Lately, there has been a trust breakdown in technology. Email spam, phishing, and hacks into secure transactions coupled with an inability to verify and authenticate identities have eroded consumer trust in technology. These challenges are so serious that some mobile phone service providers are using a process to identify potential spam calls. While trust is a noble trait for people, it is often co-opted in technology, and at times we do not even know that it’s happening.

As we ponder the trust paradox, it may be time to consider a trustless process that is tamper-evident. Enter the blockchain.

Blockchain technology was first developed as a method to enact cybercurrency transactions. Those who developed the technology hold a deep-seated belief in protecting personal privacy. While cybercurrencies were designed to work independently of any central bank in any county, the technology that is used for these transactions has benefits for the very central banking and retail entities they disrupt.

Blockchain is a trustless, tamper-evident process that uses math as the backbone for authenticating identities. Another advantage is that blockchain is a DDMS, or distributed database management system, because every block in the chain has all of the information for all of that transaction’s activity. You do not need to check with a bank, check a receipt, etc.
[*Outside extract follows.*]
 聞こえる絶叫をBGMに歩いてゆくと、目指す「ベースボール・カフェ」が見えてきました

It is all in the block.

Blockchain is a chain of records of transactions that have been mined and authenticated, not by trusted people or banks, but by solving complex math problems. Each block has all of the information for the transaction and has a connection to the previous block. In order to tamper with one block, you have to have a process to tamper with every block and solve every new math problem that would be created.

There are obvious benefits to eliminating hacked financial transactions, but blockchain can also protect other processes. Think for a moment about obtaining the title to a house or car, and all of the steps that you would need to take to authenticate the title and verify your identity. If property transfers were in a blockchain, all of this information would all be in a block.
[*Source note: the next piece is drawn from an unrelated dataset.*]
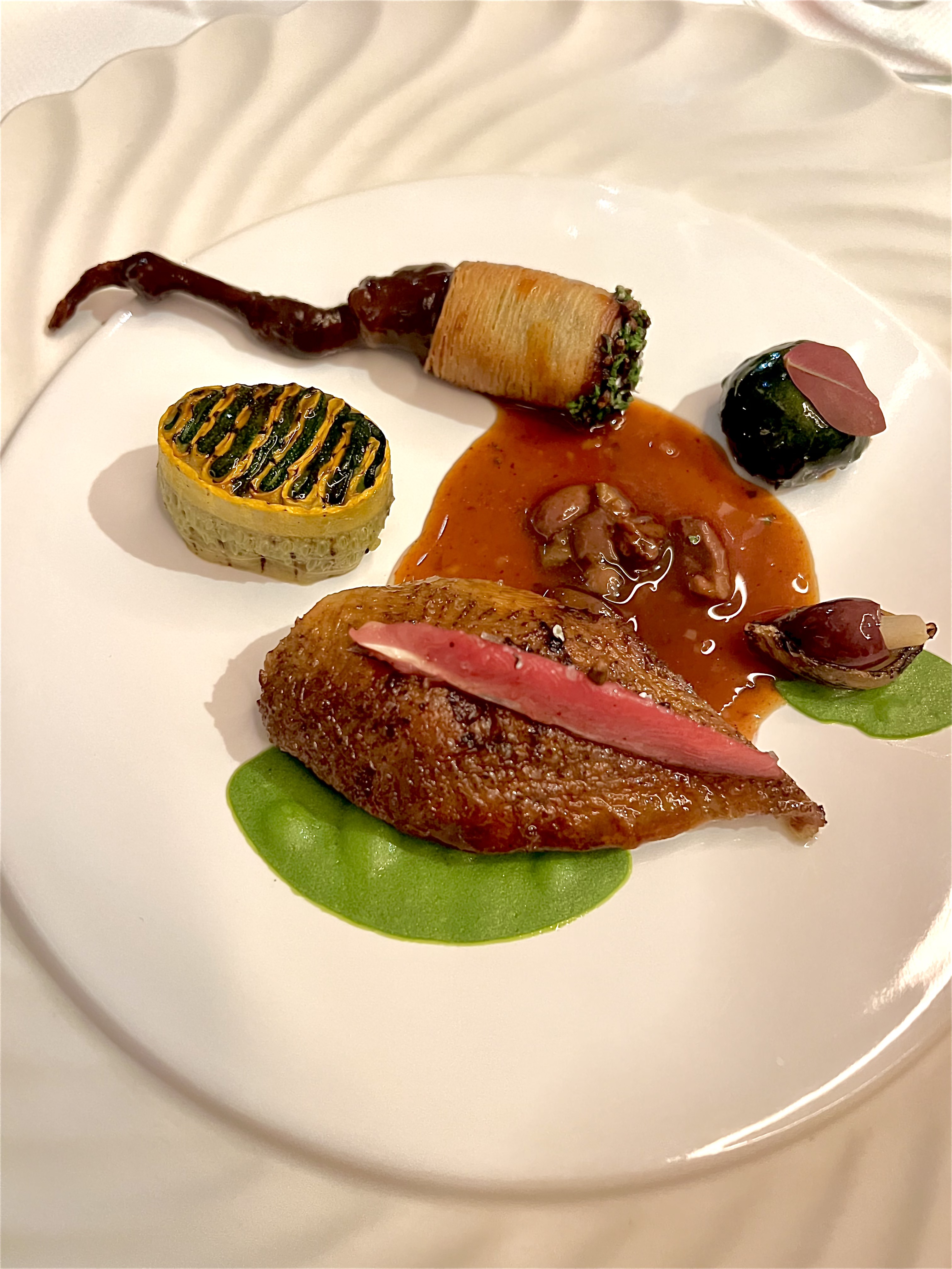 Dans la salle, ou sous les étoiles en saison, la suite, tel un ballet gastronomique, se déguste, à la fois en grande émotion, simplicité et profondeur : dîner trois étoiles exceptionnel, poétique, percutant, puissant et délicat à la fois. Les produits locaux, d’une incroyable véracité et élevés avec amour de façon « haute couture » par les petits producteurs, sont sublimés et épaulés par des condiments et des sauces multidimensionnelles inoubliables. Les jeux de textures, de températures et les cuissons sont époustouflantes de justesse et de précision. Chaque plat restera gravé dans votre mémoire gustative et vous les revivrez comme un grand moment de chaque instant.

This all sounds very simple for an extremely complicated process. The math alone used to enable blockchain access is very complex. The primary challenge facing blockchain currently is power consumption; it takes an incredible amount of electric power for a single blockchain transaction. However, the potential to reduce or eliminate hacking cannot be ignored.
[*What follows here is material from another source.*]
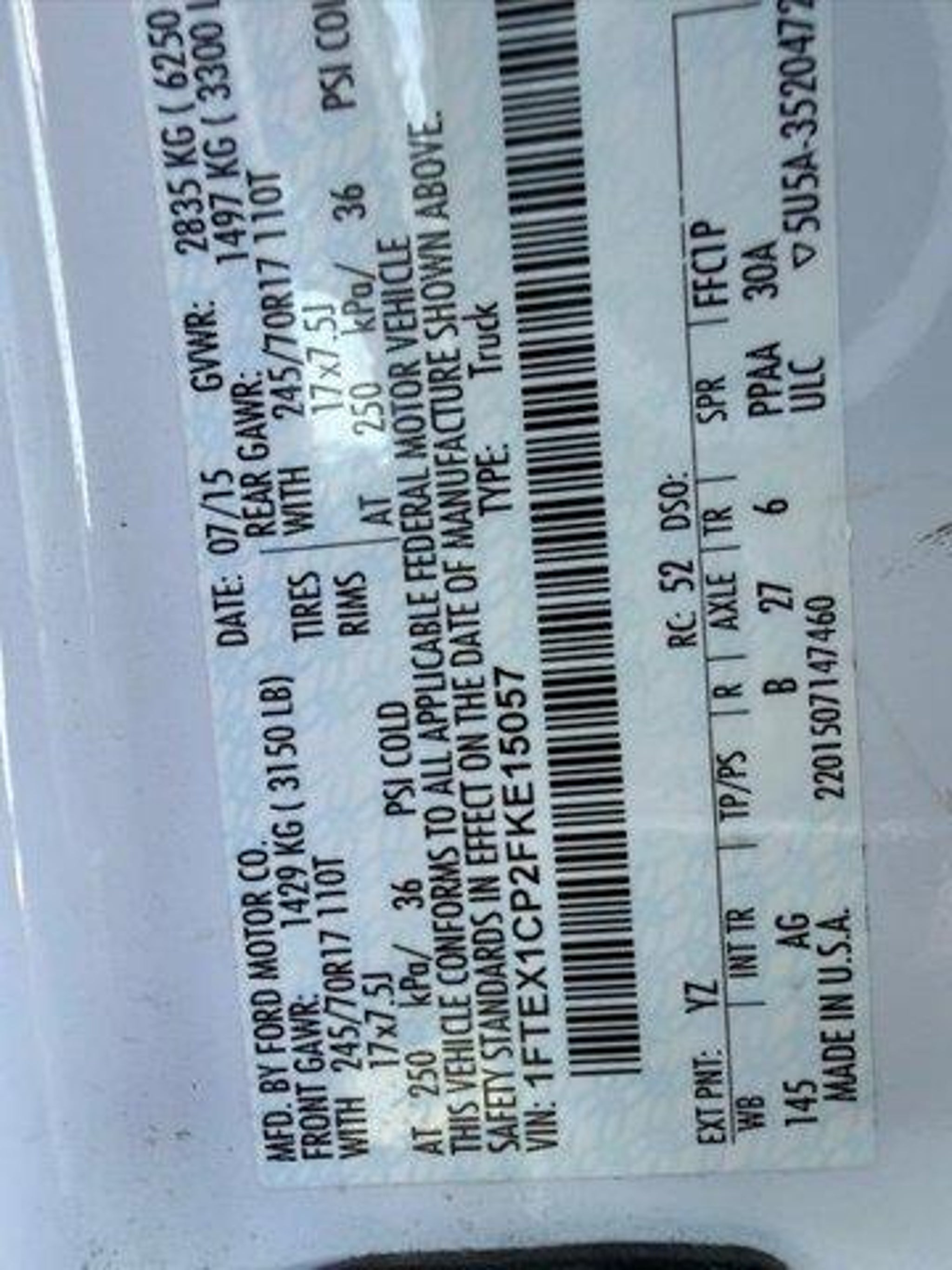 VIN 1FTEX1CP2FKE15057

Blockchain also solves the personal authentication challenge. Authentication, identification, and validation are terms often used to mean the same thing, yet they are all very different. Using a license to prove who you are is an identification process. Authentication is a process where something else must happen to validate the transaction. Many banks and other secure services, for example, have adopted two-factor authentication routines, so that when you log in, you are sent another code (usually to your phone or email) to enter to validate the process.

In blockchain, authentication happens to protect your personal identity and to protect the validity of the transaction. Blockchain requires users to establish public and private keys, and the process requires a mathematical routine. The keys are connected; the public key is used for transactions and is authenticated by the private key. The transaction never reveals the users’ identities, but through authentication, the users can transact or even communicate.

The most challenging aspect of blockchain is that it has variations, and trying to lock down one method that is the primary blockchain technology is just not possible. There are fundamentals, however, and as adoption increases, we will see standards develop.

The math is complex, but the value of a trustless system for technology is worth the change. There is much potential and many possibilities for the use of blockchain technology; technical communicators could even use it for authenticating instructional material. Technical writers need to understand blockchain terms and concepts and to be able to explain the technology.